====== Data section ======
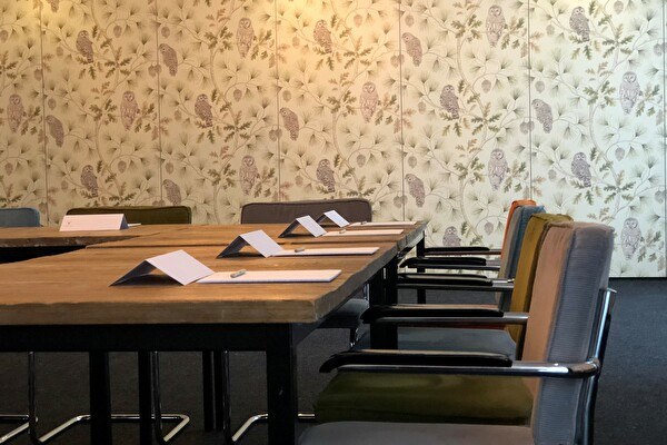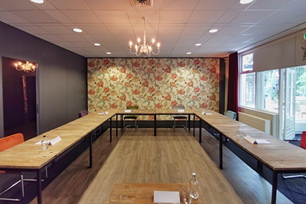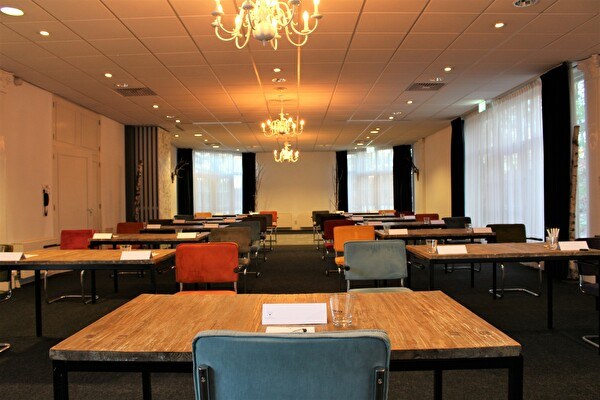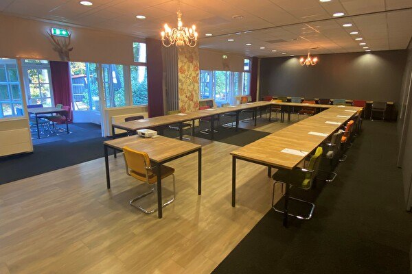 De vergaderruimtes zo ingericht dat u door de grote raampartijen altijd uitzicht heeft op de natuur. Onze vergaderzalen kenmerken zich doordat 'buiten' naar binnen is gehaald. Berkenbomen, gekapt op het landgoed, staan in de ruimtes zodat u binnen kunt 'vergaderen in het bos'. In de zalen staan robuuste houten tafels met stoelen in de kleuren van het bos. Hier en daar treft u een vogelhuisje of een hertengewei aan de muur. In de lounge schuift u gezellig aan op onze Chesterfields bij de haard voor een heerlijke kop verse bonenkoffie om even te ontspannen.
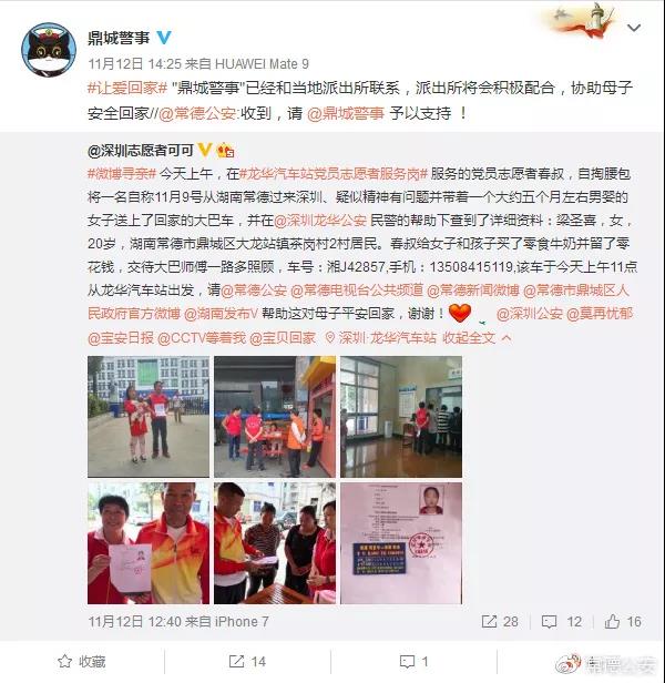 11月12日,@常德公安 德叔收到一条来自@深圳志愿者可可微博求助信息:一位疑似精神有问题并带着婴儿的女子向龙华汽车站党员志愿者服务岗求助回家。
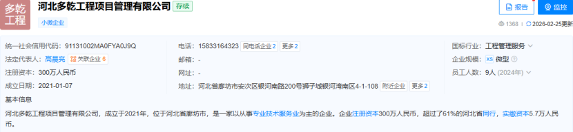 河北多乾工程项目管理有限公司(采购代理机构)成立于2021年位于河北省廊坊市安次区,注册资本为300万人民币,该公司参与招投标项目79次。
======
*Exercise aim*
Every line above should be printed again word for word, without its pictures.

*Response for this exercise*
 De vergaderruimtes zo ingericht dat u door de grote raampartijen altijd uitzicht heeft op de natuur. Onze vergaderzalen kenmerken zich doordat 'buiten' naar binnen is gehaald. Berkenbomen, gekapt op het landgoed, staan in de ruimtes zodat u binnen kunt 'vergaderen in het bos'. In de zalen staan robuuste houten tafels met stoelen in de kleuren van het bos. Hier en daar treft u een vogelhuisje of een hertengewei aan de muur. In de lounge schuift u gezellig aan op onze Chesterfields bij de haard voor een heerlijke kop verse bonenkoffie om even te ontspannen.
 11月12日,@常德公安 德叔收到一条来自@深圳志愿者可可微博求助信息:一位疑似精神有问题并带着婴儿的女子向龙华汽车站党员志愿者服务岗求助回家。
 河北多乾工程项目管理有限公司(采购代理机构)成立于2021年位于河北省廊坊市安次区,注册资本为300万人民币,该公司参与招投标项目79次。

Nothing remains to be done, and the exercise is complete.